The highest risk among women was among those who did not have a recorded prescription for anxiolytics, antipsychotics, hypnotics or sedatives, or antidepressants, but made a suicide attempt in the previous 4 years (n = 16; risk, 1.0). Women who were prescribed hypnotic/sedatives and were diagnosed with poisoning by, adverse effect of, and underdosing of drugs in the 4 years before suicide had the next highest risk (n = 79; risk, 0.41). Other combinations of importance are displayed in Figure 2 (AUC, 0.87; 95% CI, 0.86-0.88).
Random Forest
Among men, 90% to 91% (fold 1-fold 2) of the predictors had a mean decrease in accuracy above 0 (mean [SD], 7.8 [5.8]). Eighteen predictors were among the top 30 most important predictors in both folds (Figure 3). Removal of drugs used in addictive disorders 4 years before suicide from our models would have the largest association with accuracy. Other predictors in the top 30 included antidepressants, hypnotics/sedatives, and antipsychotics in the past 4 years, age, physical health diagnoses, and stress disorders. The AUC for the random forest across folds was 0.80 (95% CI, 0.79-0.81).

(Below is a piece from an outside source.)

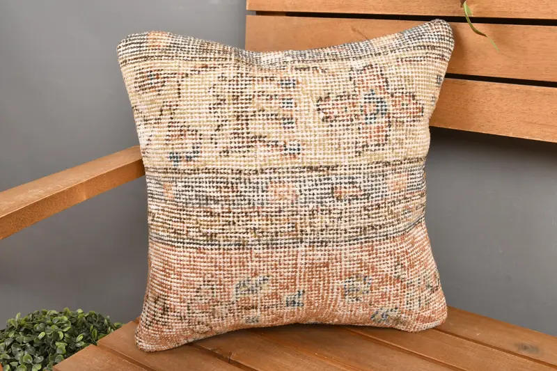 Almohada de tiro bordada beige y marrón, cojín floral vintage

Among women, 87% to 89% (fold 1 – fold 2) of the total number of predictors had a mean decrease in accuracy above 0 (mean [SD], 4.6 [3.8]). Twenty-one predictors overlapped as a top 30 predictor in both folds, most of which involved psychiatric diagnoses and medications (Figure 4). Specifically, alcohol-related disorders, prior suicide attempts, drugs used in addictive disorders, schizophrenia, recurrent major depression, and stress disorders had the largest association with accuracy. The AUC for the random forest model across folds was 0.88 (95% CI, 0.88-0.89).
Operating Characteristics of High-Risk Thresholds
Cross-validated random forests–predicted probabilities were rank ordered and operating characteristics were calculated among individuals in the top quintile of the predicted risk distribution. Men in the top 5%, 10%, and 20% of predicted risk accounted (sensitivity) for 32.0%, 49.4%, and 65.9% of all male cases of suicide death, respectively (specificity, 97.1%, 93.1%, 83.6%). Women in the top 5%, 10%, and 20% of predicted risk accounted for 53.4%, 68.1%, and 81.0% of all female suicide deaths (specificity, 96.4%, 91.7%, 81.8%). The sensitivity among individuals in the top 5% of predicted risk was 6.4 times the expected value among men (32%/5%) and 10.6 times the expected value among women (53.4%/5%).
Discussion
We used supervised machine learning to develop sex-specific risk models for suicide using population-based data from the Danish national health care and social registries. From 2554 predictors, characterized across 4 different timeframes and spanning demographics, family history of suicide, previous suicidal behavior, psychiatric disorders, physical health disorders, and medications, we derived machine learning models that highlight important predictors and combinations.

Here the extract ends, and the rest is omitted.